» **Your task**: Could you print the stretch of lines below from the one with "今回は以前食堂だった店舗のため、すでに何ヶ所か給排水が引かれている状態でした。" through the one with "Ветер встречный не", exactly as they stand and without any pictures?

» **Record set**:
┌──

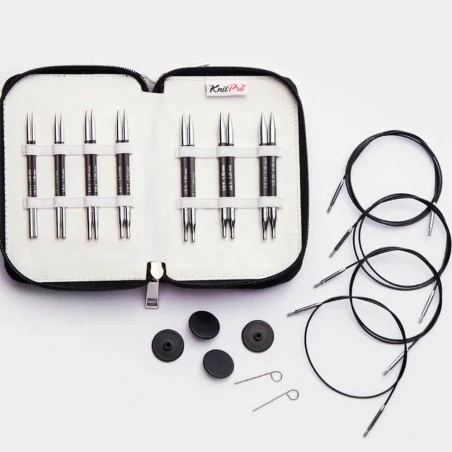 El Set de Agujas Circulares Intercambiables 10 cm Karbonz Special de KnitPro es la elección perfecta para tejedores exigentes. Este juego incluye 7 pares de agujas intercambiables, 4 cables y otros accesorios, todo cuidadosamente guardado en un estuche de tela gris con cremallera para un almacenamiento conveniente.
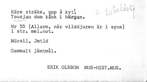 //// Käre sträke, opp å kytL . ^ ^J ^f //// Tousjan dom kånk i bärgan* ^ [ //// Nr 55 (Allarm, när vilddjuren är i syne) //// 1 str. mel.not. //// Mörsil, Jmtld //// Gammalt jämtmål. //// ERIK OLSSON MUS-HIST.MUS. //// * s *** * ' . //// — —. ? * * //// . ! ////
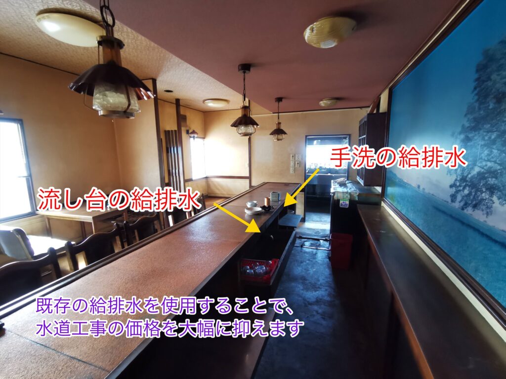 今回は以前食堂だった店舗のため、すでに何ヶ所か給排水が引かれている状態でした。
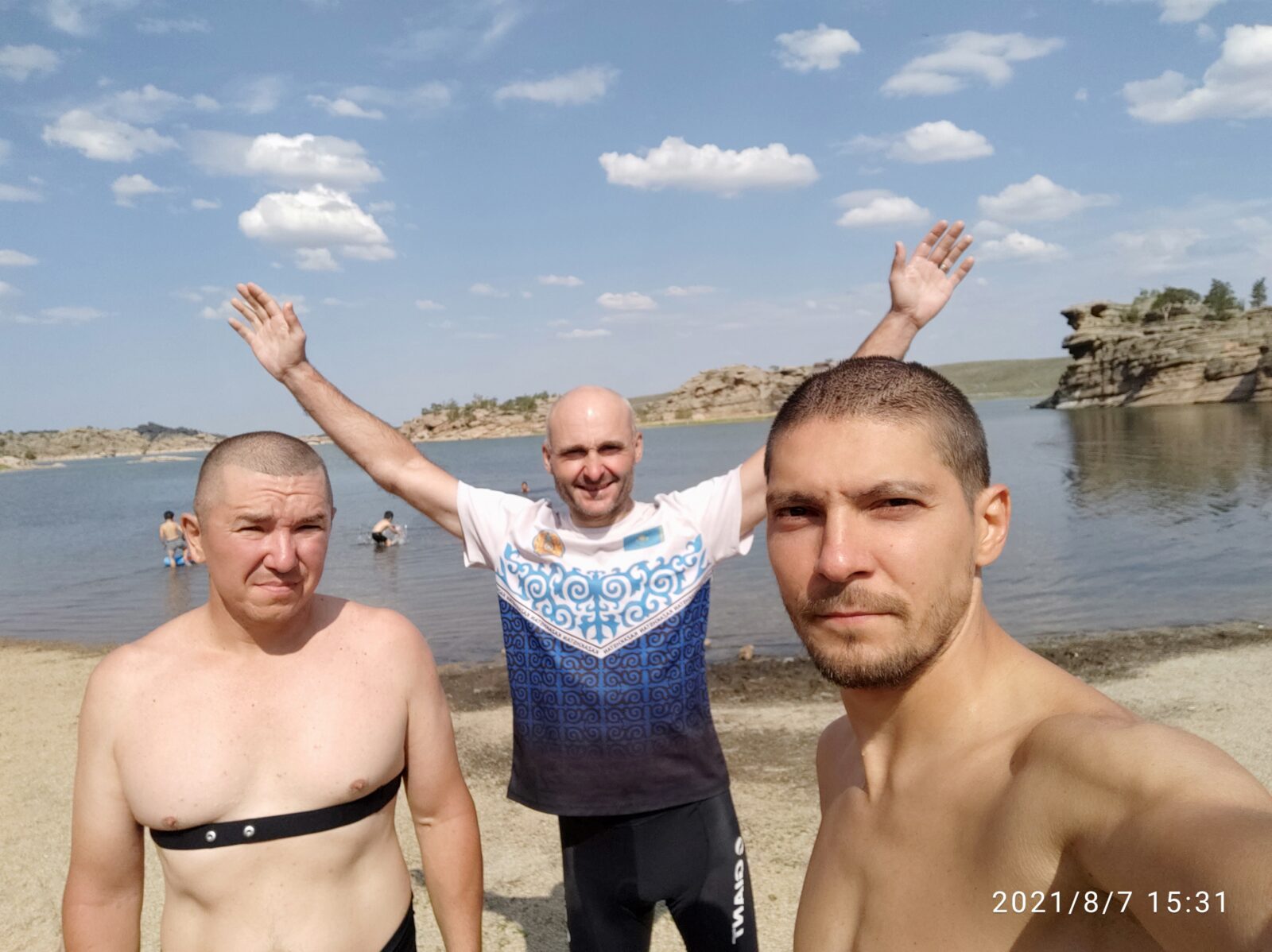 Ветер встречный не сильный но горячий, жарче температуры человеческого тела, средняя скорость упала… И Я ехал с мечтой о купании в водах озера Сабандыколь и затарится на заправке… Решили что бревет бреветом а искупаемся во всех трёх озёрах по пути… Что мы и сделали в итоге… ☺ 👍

└──
┌──

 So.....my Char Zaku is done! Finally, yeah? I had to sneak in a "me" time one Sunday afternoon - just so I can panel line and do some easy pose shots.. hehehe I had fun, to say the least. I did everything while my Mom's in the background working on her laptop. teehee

└──

» **Problem solution**:
 今回は以前食堂だった店舗のため、すでに何ヶ所か給排水が引かれている状態でした。
 Ветер встречный не сильный но горячий, жарче температуры человеческого тела, средняя скорость упала… И Я ехал с мечтой о купании в водах озера Сабандыколь и затарится на заправке… Решили что бревет бреветом а искупаемся во всех трёх озёрах по пути… Что мы и сделали в итоге… ☺ 👍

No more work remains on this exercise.